- Born: July 25, 1962 (age 64) Spanish Harlem, Manhattan, New York
- Occupations: Actor, singer, producer
- Years active: 1993 - Present

= Eddie Marrero =

American actor (born 1962)

Edgardo Rafael Marrero (born July 25, 1962), known professionally as Eddie Marrero, is an American actor, singer, producer, record executive, and humanitarian.

==Bio==

Eddie Marrero was born in Spanish Harlem's "El Barrio" to Puerto Rican parents. He began his acting career as a young child when his mother worked for Jack L. Warner, founder and Chief Executive Officer of Warner Bros. He attended the New York University Film School and the Juilliard School of Music.
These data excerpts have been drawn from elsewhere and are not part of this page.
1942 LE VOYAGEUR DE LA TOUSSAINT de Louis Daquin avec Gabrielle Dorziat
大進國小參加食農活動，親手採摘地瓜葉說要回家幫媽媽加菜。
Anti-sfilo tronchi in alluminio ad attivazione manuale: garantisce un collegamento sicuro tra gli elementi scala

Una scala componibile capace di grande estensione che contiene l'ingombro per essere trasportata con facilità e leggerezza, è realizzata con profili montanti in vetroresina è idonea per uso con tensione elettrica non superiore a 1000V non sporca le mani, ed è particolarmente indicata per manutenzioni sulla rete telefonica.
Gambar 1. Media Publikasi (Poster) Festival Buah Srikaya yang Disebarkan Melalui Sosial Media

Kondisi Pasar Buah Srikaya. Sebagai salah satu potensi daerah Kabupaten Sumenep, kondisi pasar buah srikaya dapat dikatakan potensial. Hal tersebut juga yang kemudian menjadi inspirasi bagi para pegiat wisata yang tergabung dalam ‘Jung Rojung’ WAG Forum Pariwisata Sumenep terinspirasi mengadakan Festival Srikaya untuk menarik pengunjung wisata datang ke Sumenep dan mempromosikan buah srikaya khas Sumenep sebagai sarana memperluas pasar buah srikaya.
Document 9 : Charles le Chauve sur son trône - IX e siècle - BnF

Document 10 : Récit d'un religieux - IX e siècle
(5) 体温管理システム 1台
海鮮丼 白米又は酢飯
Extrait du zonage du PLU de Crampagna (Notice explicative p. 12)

Having previously acted in stage plays and musicals, his first professional acting role came in 1993 when he was cast in a non-speaking role in the film The Saint of Fort Washington. He has since worked on film, television, and theater projects, with minor roles in White Man's Burden and Kate & Leopold. He is most recently noted for his supporting role in Find Me Guilty, directed by Sidney Lumet.
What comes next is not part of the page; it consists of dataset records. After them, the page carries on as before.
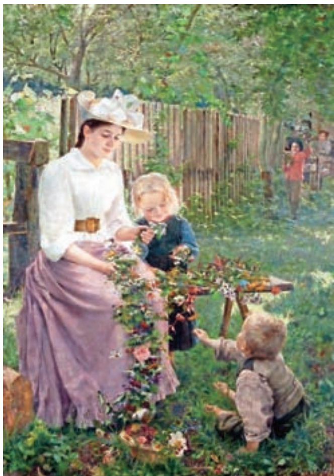
Ivana Kobilca, Poletje, 1889–1890, olje, platno, 180 x 141,5 cm / Hrani: Narodna galerija, Ljubljana

(Viri: Ivana Kobilca, Spomini, po njeni pripovedi zapisal Stanko Vurnik, Zbornik za umetnostno zgodovino, leto III (1923), št. 3–4, str. 100–112. – Pariški bohemi (1889–1895), avtobiografsko poročilo avstrijske slikarke Rose Pfäffinger, Narodna galerija, Ljubljana, 2014. – Sto umetnin Narodne galerije, NG, Ljubljana, 2016)
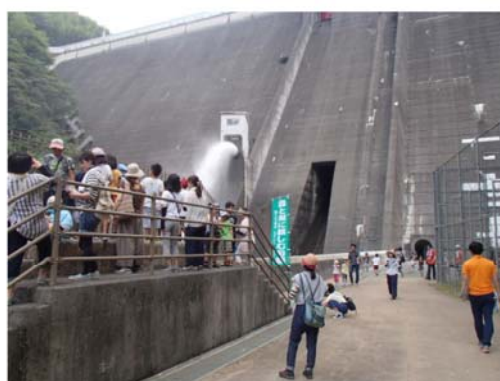
ダム直下にて放流見学
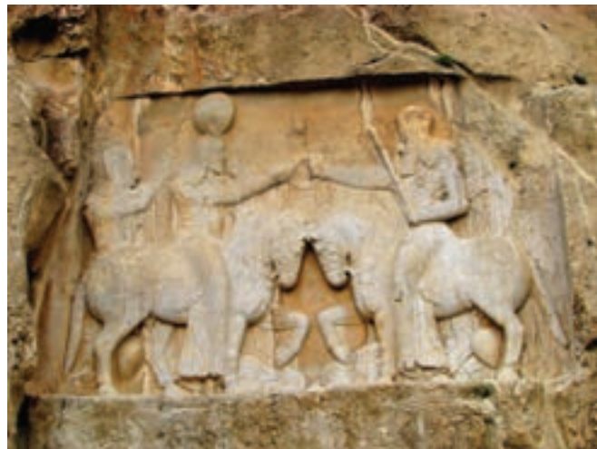
نقش برجسته بخشیدن حلقه شاهی از سوی اهورا مزدا به اردشیر ساسانی (نقش رستم)

شاهان ایران باستان خود را برگزیده آسمان و نماینده اهورا مزدا* می دانستند و معتقد بودند که به حکم او فرمان می رانند. در برخی کتیبه های به جای مانده، جمله هایی که این موضوع را نشان بدهد، وجود دارد.
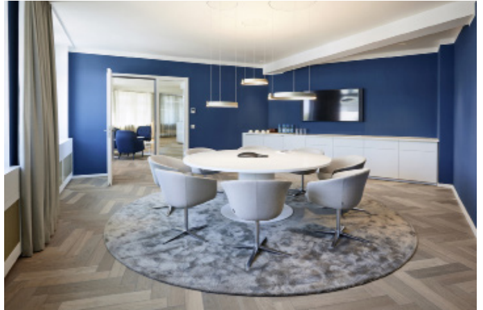
2 Konferenzraum 'Blauer Salon'
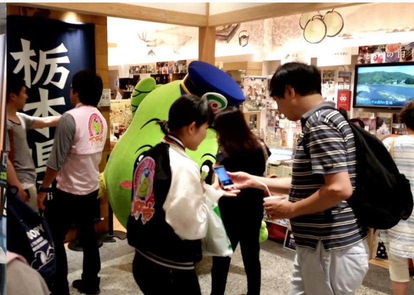
東京ソラマチ（とちまるショップ）

In television, Marrero first appeared in Sidney Lumet's A&E drama 100 Centre Street, following Lumet's satisfaction with Marrero's performance in Find Me Guilty. Since then, Eddie Marrero has appeared on the Late Show with David Letterman and in the mini-series Miracle's Boys for Nickelodeon’s The N. His other television credits include NBC's Third Watch, as well as Law & Order: Criminal Intent in the episode “Sex Club”. On stage, Eddie Marrero starred in the world premiere Off-Broadway play "La Lupe: My Life My Destiny" along with Puerto Rican soap star Sully Diaz.
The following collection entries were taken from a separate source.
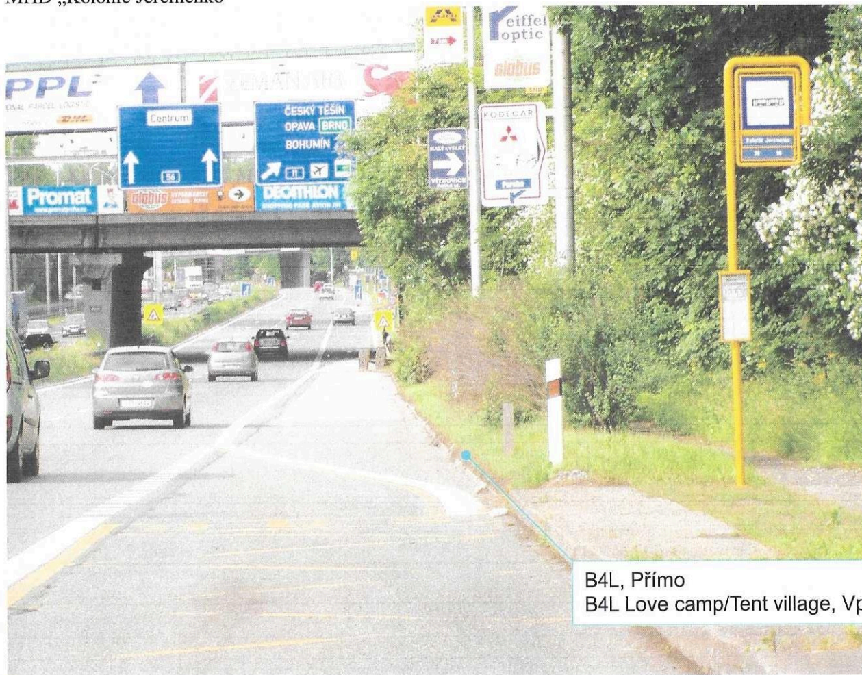
B4L, Přím B4L Love camp/Tent village, Vpravo

3) SILNICE I/56, PŘÍJEZD OD FRÝDKU-MÍSTKU, KŘÍŽOVATKA MÍSTECKÁ-RUDNÁ SMĚROVÁ TABULE PŘÍMO, SMĚROVÁ TABULE LOVE CAMP/TENT VILLAGE VPRAVO, společně dvě tabule těsně za zastávkou MHD „Kolonie Jeremenko“
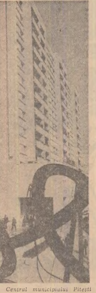
Central municipiului Pitești
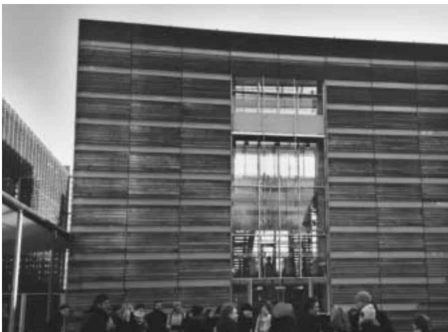
Den danske ambassade
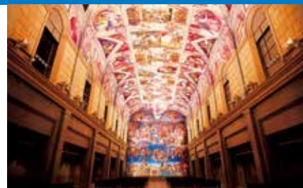
システィーナ・ホール：大塚国際美術館 陶板名画

2022年12月11日 名古屋発 &gt;&gt;&gt; 12月13日 名古屋着 3日間
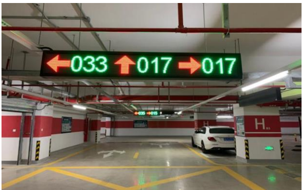
公司产品用于-上海漕河泾印象城项目
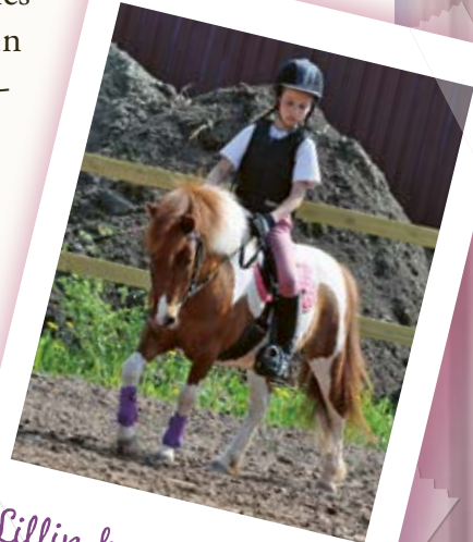
Lillin kanssa kisoissa

In recent years, Eddie Marrero has shifted his focus to music, releasing his first EP Album, Eddie Marrero, Con Amor in 2013, a tribute album to musical icon Frank Sinatra. Sung entirely in Spanish, Eddie covers some classic hits like All The Way, All Of Me, I've Got You Under My Skin, My Way. In 2016, he followed up with his sophomore release, Timeless Christmas, a holiday album that has gained traction on iHeart Radio and Spotify, among others. In 2019, he released his first music video, to The Christmas Song.

Presently, Marrero operates ERM Entertainment, Inc., a music and film corporation that produces independent artists, films, and commercial projects.

In 1997, he founded the Umoja Youth Project, a youth gospel choir. He is also the founder and producing artistic director of Three Lions Stage.